**Data:**
((
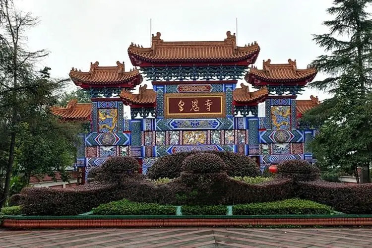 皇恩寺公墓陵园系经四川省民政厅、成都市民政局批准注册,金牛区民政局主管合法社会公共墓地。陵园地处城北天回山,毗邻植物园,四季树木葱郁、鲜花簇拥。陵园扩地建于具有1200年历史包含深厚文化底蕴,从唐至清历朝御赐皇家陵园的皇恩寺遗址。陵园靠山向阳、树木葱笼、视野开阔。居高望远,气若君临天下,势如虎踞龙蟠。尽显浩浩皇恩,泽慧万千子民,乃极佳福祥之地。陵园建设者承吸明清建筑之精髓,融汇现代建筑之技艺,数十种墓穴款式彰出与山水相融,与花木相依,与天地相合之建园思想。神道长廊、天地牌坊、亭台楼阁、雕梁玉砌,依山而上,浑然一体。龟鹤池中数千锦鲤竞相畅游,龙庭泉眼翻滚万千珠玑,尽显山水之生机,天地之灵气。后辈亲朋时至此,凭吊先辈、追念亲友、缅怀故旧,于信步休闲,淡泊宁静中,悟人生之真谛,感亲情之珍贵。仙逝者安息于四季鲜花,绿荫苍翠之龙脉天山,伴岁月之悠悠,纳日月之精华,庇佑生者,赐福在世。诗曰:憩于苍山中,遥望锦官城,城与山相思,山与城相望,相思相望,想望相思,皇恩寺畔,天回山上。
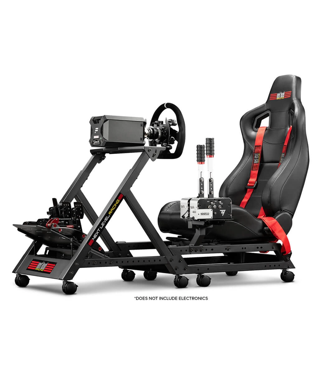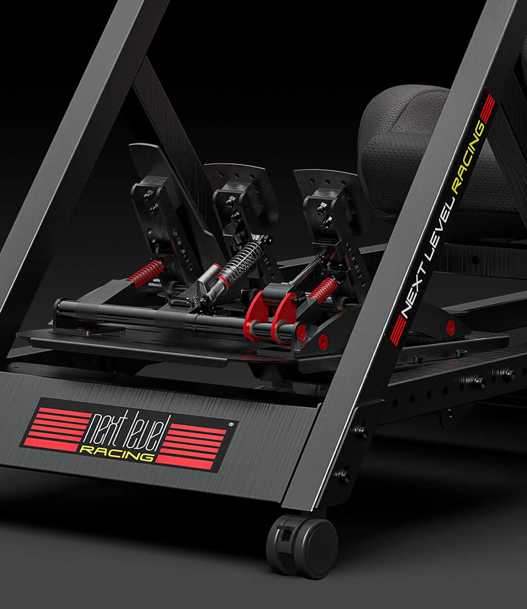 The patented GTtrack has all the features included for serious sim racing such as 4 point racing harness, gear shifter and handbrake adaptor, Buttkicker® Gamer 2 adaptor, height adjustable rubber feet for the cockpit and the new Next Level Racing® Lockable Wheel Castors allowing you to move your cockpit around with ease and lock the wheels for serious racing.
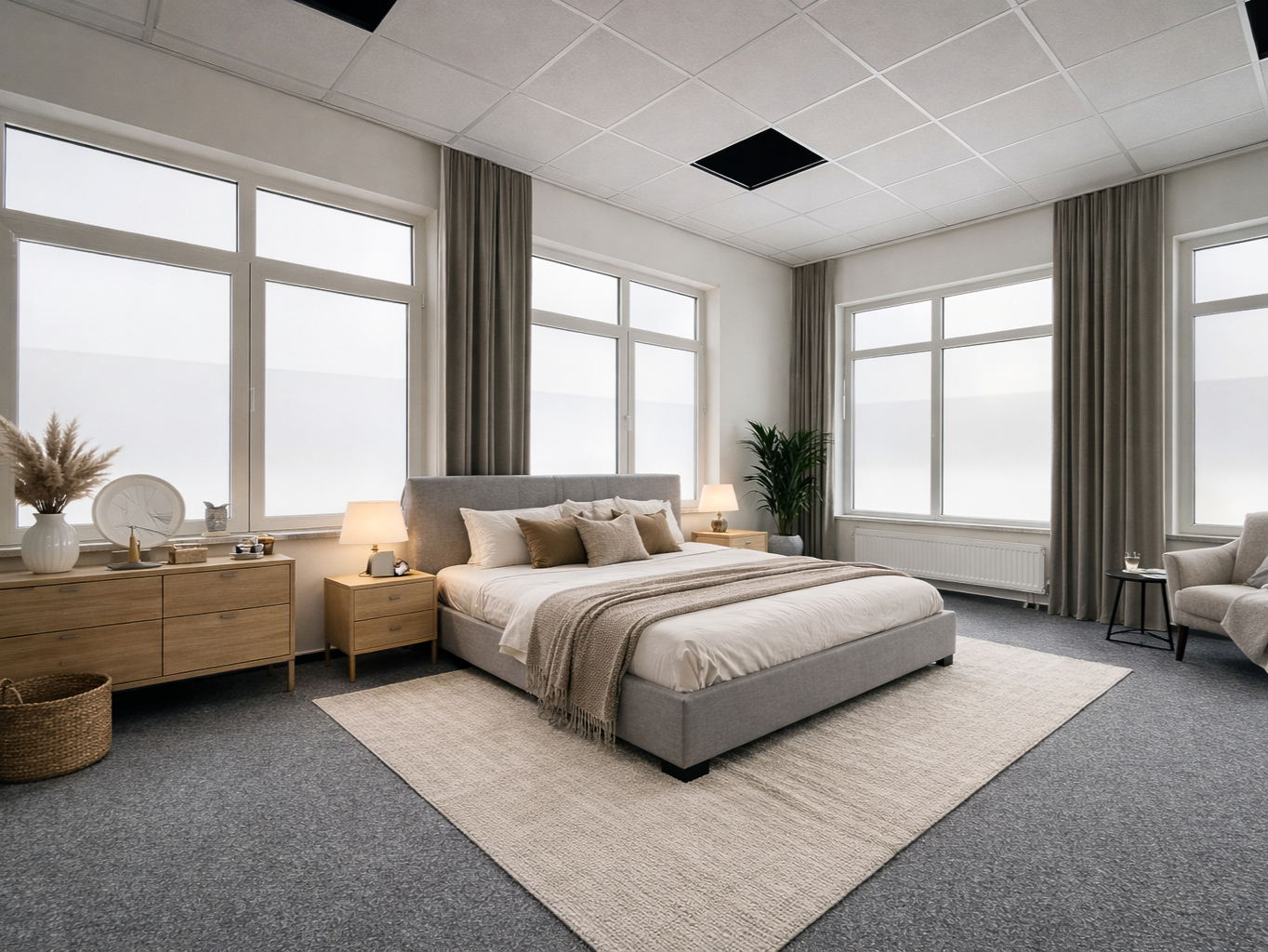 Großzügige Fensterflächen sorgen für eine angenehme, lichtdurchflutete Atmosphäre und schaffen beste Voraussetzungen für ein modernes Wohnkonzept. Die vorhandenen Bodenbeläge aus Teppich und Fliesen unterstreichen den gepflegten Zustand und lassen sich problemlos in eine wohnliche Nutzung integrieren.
))
**Brief:**
Return the listing above in full and exactly, omitting all pictures.

**Exercise solution:**
 皇恩寺公墓陵园系经四川省民政厅、成都市民政局批准注册,金牛区民政局主管合法社会公共墓地。陵园地处城北天回山,毗邻植物园,四季树木葱郁、鲜花簇拥。陵园扩地建于具有1200年历史包含深厚文化底蕴,从唐至清历朝御赐皇家陵园的皇恩寺遗址。陵园靠山向阳、树木葱笼、视野开阔。居高望远,气若君临天下,势如虎踞龙蟠。尽显浩浩皇恩,泽慧万千子民,乃极佳福祥之地。陵园建设者承吸明清建筑之精髓,融汇现代建筑之技艺,数十种墓穴款式彰出与山水相融,与花木相依,与天地相合之建园思想。神道长廊、天地牌坊、亭台楼阁、雕梁玉砌,依山而上,浑然一体。龟鹤池中数千锦鲤竞相畅游,龙庭泉眼翻滚万千珠玑,尽显山水之生机,天地之灵气。后辈亲朋时至此,凭吊先辈、追念亲友、缅怀故旧,于信步休闲,淡泊宁静中,悟人生之真谛,感亲情之珍贵。仙逝者安息于四季鲜花,绿荫苍翠之龙脉天山,伴岁月之悠悠,纳日月之精华,庇佑生者,赐福在世。诗曰:憩于苍山中,遥望锦官城,城与山相思,山与城相望,相思相望,想望相思,皇恩寺畔,天回山上。
 The patented GTtrack has all the features included for serious sim racing such as 4 point racing harness, gear shifter and handbrake adaptor, Buttkicker® Gamer 2 adaptor, height adjustable rubber feet for the cockpit and the new Next Level Racing® Lockable Wheel Castors allowing you to move your cockpit around with ease and lock the wheels for serious racing.
 Großzügige Fensterflächen sorgen für eine angenehme, lichtdurchflutete Atmosphäre und schaffen beste Voraussetzungen für ein modernes Wohnkonzept. Die vorhandenen Bodenbeläge aus Teppich und Fliesen unterstreichen den gepflegten Zustand und lassen sich problemlos in eine wohnliche Nutzung integrieren.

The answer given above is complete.